In my experience (4 hen dos this year in the same friendship group) the best way to keep everyone involved is to be upfront with the costs so no one pays a deposit and then can't pay the rest when they find out the totals leaving the planner out of pocket and also spreading the cost out as much as possible (chilli sauce and other hen party planners have been really good for this but they overcharge for accommodation)

Vinorosso74 · 15/05/2017 15:04

I hate having loads of activities so think one is enough as it's too much pressure to get everyone to it on time etc. People will have fun chatting, drinking, eating and catching up with people.
Get an online supermarket shop to deliver food and drinks and split the cost.
You do need to check what everyone can afford.

Blueflowers2011 · 15/05/2017 15:19

I think what you are doing in all agreeing the budget and letting people know is the MOST important thing.

I went to a 'close' friends one, as a result we are no longer 'close', her expectation was her bridesmaids to fund and throw money at everything, a lot of premium things. It cost me over £350+ for 1 night, never again. Its put me off hen nights for life!

I would on principal agree with your plans if I was going but if things kept escalating it would annoy me a bit. Whatever you all agree add on a bit more as these things can cost more very quickly.

I would definitely make some things optional, for the ones that dont want to pay for everything find them a nice walk, make a chill area in the cottage if some dont want to go out (take scones/clotted cream for an afternoon tea, wine, magazines, face masks, etc) whilst others finish their activities.

The most important thing is getting together for the main club night/dinner, everything else should be optional for me tbh.

StickThatInYourPipe · 15/05/2017 15:34

When did it become the expectation that he bride doesn't pay? When my other friends have gotten married everyone has paid the same for her dos (best one being a night out in home town!) Now it's always the price plus the brides share split between everyone??

Blueflowers2011 · 15/05/2017 16:03

yep i know. Our relationship has never been the same a few years on. This was nothing compared to her expectations and us running after her everywhere on her wedding, ordering us to hold her train and tutting when we didnt, the ultimate Bridezilla.

Wh0Kn0wsWhereTheTimeGoes · 15/05/2017 16:22

Another vote for keep it simple, one activity at the most and make sure it's one everyone will be ok with (probably easier said than done but you hopefully know your friends) then relax at the cottage with food and drink there, maybe one evening meal out, country walks etc.
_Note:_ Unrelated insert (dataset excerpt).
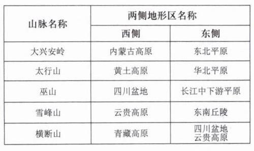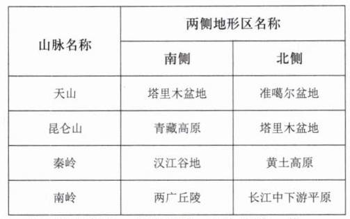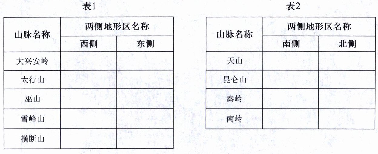 (5)山脉构成我国地形的骨架,它通常是某些地形区的界线。请仿照图中山脉走向及两侧地形区分布示意图,在表1、表2中填出山脉两侧地形区的名称。

Absolutely no hen tee shirts or cringey Mr and Mrs type games.

AngryGinger · 15/05/2017 19:05

£280 is more than I'm spending for a week in the Algarve in June. Like hell would I be paying £250 for a hen do. I might do it for a very close friend but still, it's a heck of a lot f money when you still need to fork out for the wedding etc. I don't know what's wrong with a night out though to be fair

PamplemousseRouge · 15/05/2017 20:42

Thanks so much everyone! :) the bride's DP is going away for a weekend with his friends, I think the expectation was that she could also go away.
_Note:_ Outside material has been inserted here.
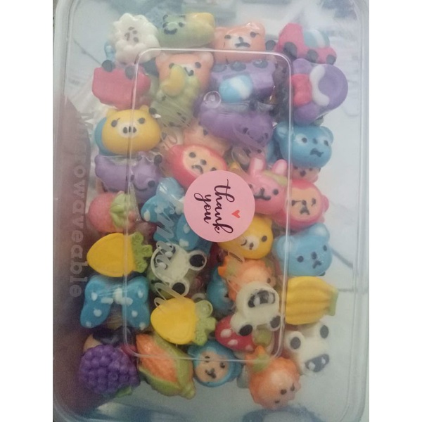 Mix hewan dan buah, Mix binatang laut, Mix donat, Coklat sendal, buah2an mini, emoticon, bikkini bottom mini, mix pita

Blueflowers I'm so sorry! That sounds like the bride put you in a really difficult position :( How did the night cost around £350? (I completely understand if you'd prefer not to go into details though!)

OP posts:
PamplemousseRouge · 15/05/2017 23:59

Quick update - have managed to reduce the price of the package a bit by looking at the price of one activity with two nights' accommodation. This now brings it to £153 per person for two nights.

OP posts:
welovepancakes · 16/05/2017 07:57

That sounds better. Well done. Supermarket shop, ask everyone to bring their own booze, go for a walk. Less is more

Madwoman5 · 16/05/2017 08:25

Attending weddings is expensive. A few hundred quid on top for a hen weekend? Hmmmmm. What happened to the hen night?